Tuesday, August 26, 2014

Getting Ready for Your Next Road Trip

When you travel on a budget, it can be necessary to skip the airport and load up the car instead. While road trips haven't always been the money-saving opportunities they are today, you can be happy to know that no matter how long your road trip is or how far you go, you will probably never spend $188,000 on one like the very first cross-country road trip. Not only was it uncomfortable, but it was the worst return on investment for a bet ever. So, no matter what goes wrong, remember, it could always be worse. We're going to focus on the positives though.
Summer may be winding down, but that doesn't mean that road trip opportunities are over. In fact, I have always found that late Summer and Fall is the best time to travel in a car, because it's still nice out, roads are a bit less crowded and it's nice to get out and stretch in the sun and sit to eat outside in a cool breeze. Before you head out on your next road trip though, you want to make sure your car is in the best shape it can be in, because breaking down on the side of the highway over something that could have been prevented does not make for a fun trip.

Now, I know the very basic of car maintenance. I can check my oil and put air in my tires (though I never do it right, so that my low tire goes off. I either put too much or not enough in, I guess), but that's about it. It's always smart to go get your car checked out before your trip. A licensed professional, like one at Advanced Auto Parts, can do this for you, but they can also show you how to check it yourself, so you know when to come in and get the replacement parts you need. 

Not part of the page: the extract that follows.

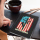 Patriotisches amerikanisches Lineman-Kunstwerk mit amerikanischer Flagge und funktionierendem Lineman. Eine tolle Geschenkidee für jeden amerikanischen Lineman am Geburtstag oder Weihnachten.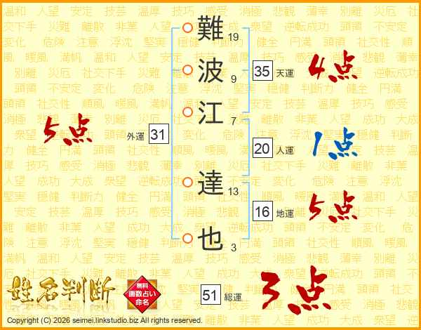 難(19画)波(9画)江(7画) 達(13画)也(3画)

I've gotten up before and had an issue with my car starting. I finally got it going and my husband and I went off to do our normal Saturday routine. On the way home, we stopped to get gas and then it wouldn't start again. Boo! Lucky for me, there was a nice guy who helped push the car away from the pumps and gave us a jump for us to drive straight to the service center. Turns out my battery just gave up. If I had known better, I could have checked it before I left home, or gone to get it checked by a professional. Before the last year or so, I really didn't know how to jump a car, but it's not that difficult once a friend of mine and I put our heads together to give her car a jump from mine. If you aren't quite sure how it works, Advanced Auto Parts made this great video to help you do it right and safely, and not get a horrible shock:

My last car wasn't the greatest. It was a used car that I bought off a family member. It ran and got me to work and anywhere else I needed to go, which was what I cared about at the time. It took us on several decent road trips without breaking down, which is always a bonus. Near the time I knew I would need to replace it, the brakes weren't doing so well. If it's taking a little more pressure than needed to stop your car or you hear some squealing when you slow down, those aren't good things. You don't want to find out your brakes are shot when you're in the middle of nowhere. Just because I read about how to slow down a car on the highway when your brakes fail, doesn't mean I want to have to use that information. Make sure you know when to get yours replaced:

Don't forget to check important fluids, because there's nothing worse than ignoring crucial maintenance and then ending up either broken down, overheated or doing irreparable damage to something that then cost hundreds or thousands of dollars to replace, making your road trip totally not budget-friendly by the end. You can check all your car's fluids yourself, so you know what needs to be taken care of before you head out...and remember, keep a large bottle of water (a two-liter or gallon jug) in your trunk for emergencies:

Even though you have taken care of the important things, that doesn't mean that something unfortunate still won't happen, like a flat tire or something equally annoying. Be prepared by making sure you have your emergency kit in the trunk. If you don't have one, you should make sure you get one that has the essentials in it, in case you break down or otherwise need to call attention to your unmoving car. Things that you should keep in your kit are:
  • Flares -- Make sure you keep yourself and other drivers safe by alerting them to your situation.
  • Hazard Triangle
  • Jack, because you aren't He-Man and need some help holding the car up to change a tire.
  • Lug Wrench
  • Jumper cables -- Just because you can get a stranger to help you, doesn't mean they have the necessary equipment.
  • Flashlight -- You can't always see in the dark or find things easily in the trunk, even during the day. That fancy headlamp you have at home is perfect for this.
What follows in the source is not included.